Damien Richardson

No. 39
- Position: Safety

Personal information
- Born: April 3, 1976 (age 50) Los Angeles, California, U.S.
- Listed height: 6 ft 1 in (1.85 m)
- Listed weight: 210 lb (95 kg)

Career information
- High school: Clovis West (Fresno, California)
- College: Arizona State
- NFL draft: 1998: 6th round, 165th overall pick

Career history
- Carolina Panthers (1998–2004);

Awards and highlights
- Second-team All-Pac-10 (1997);

Career NFL statistics
- Tackles: 124
- Sacks: 1
- Interceptions: 1
- Stats at Pro Football Reference

= Damien Richardson (American football) =

American football player (born 1976)

Damien A. Richardson (born April 3, 1976) is an American former professional football player who spent his entire career as a safety for the Carolina Panthers of the National Football League (NFL) from 1998 to 2004. He played college football for the Arizona State Sun Devils.

While playing at Arizona State University, Richardson received a Woody Hayes National Scholar-Athlete Award.

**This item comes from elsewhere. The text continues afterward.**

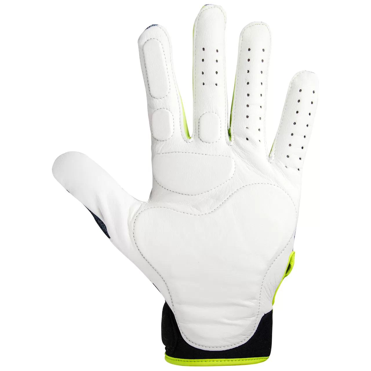 The full palm protection, inner glove from All-Star Sporting Goods is designed for both catching and fielding. Features lightweight and thin palm and finger pads, which absorb and spread shock over a larger surface area, limiting the amount of nerve damage in the hand after repeated hard balls. Padding extends all the way to the wrist for those wild, bad hops and all the way through the index finger with extra padding on the side wrist bone. The palm is constructed of white goat skin leather and the back is a seamless moisture wicking stretch material. Sold individually for use on one hand.
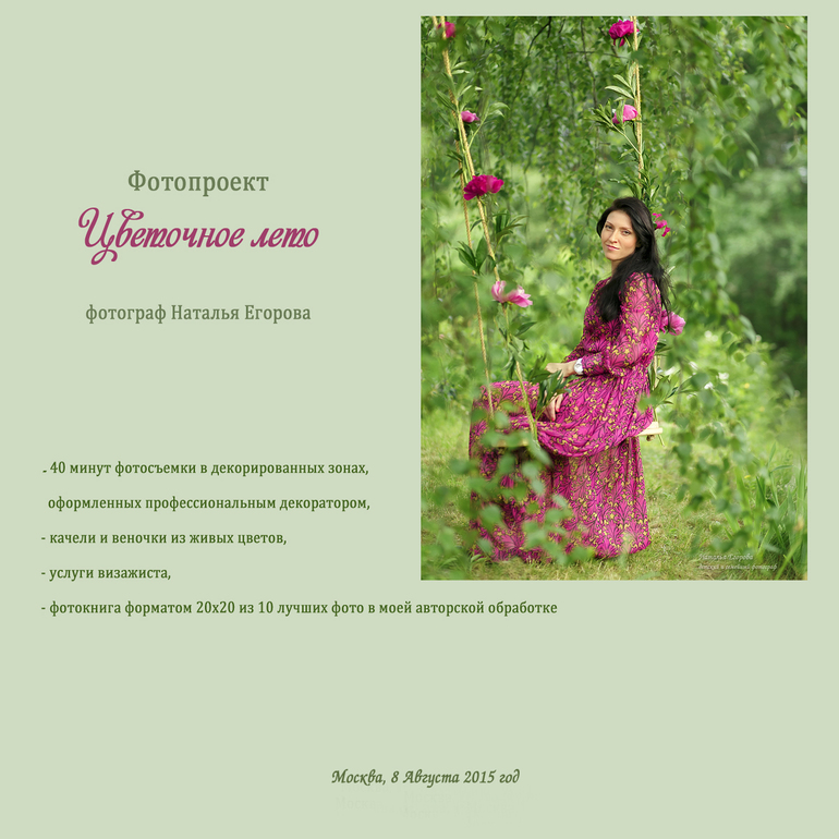 Приглашаю всех принять участие в красивом фотопроекте " Цветочное Лето", который состоится 8 августа в парке "Царицыно". Прекрасная возможность порадовать себя и своих близких красивыми летними снимками. Стоимость участия в проекте 6000р. Все услуги включены в стоимость. Количество мест ограниченно! Звоните или пишите в WatsApp 8-903-759-89-92.

He was also honored as a National Football Foundation Hall Scholar-Athlete, and was a GTE Academic All-District VIII selection. As a senior in 1997, Richardson was a Second-team All-Pac-10 member.

Richardson was selected in the sixth round of the 1998 NFL draft. Richardson's career with the Panthers was ended by serious injuries to his neck and knee. He subsequently attended medical school at the University of California, San Francisco, completed a master's degree in public health at Harvard University, and is an orthopedic physician at Banner – University Medical Center.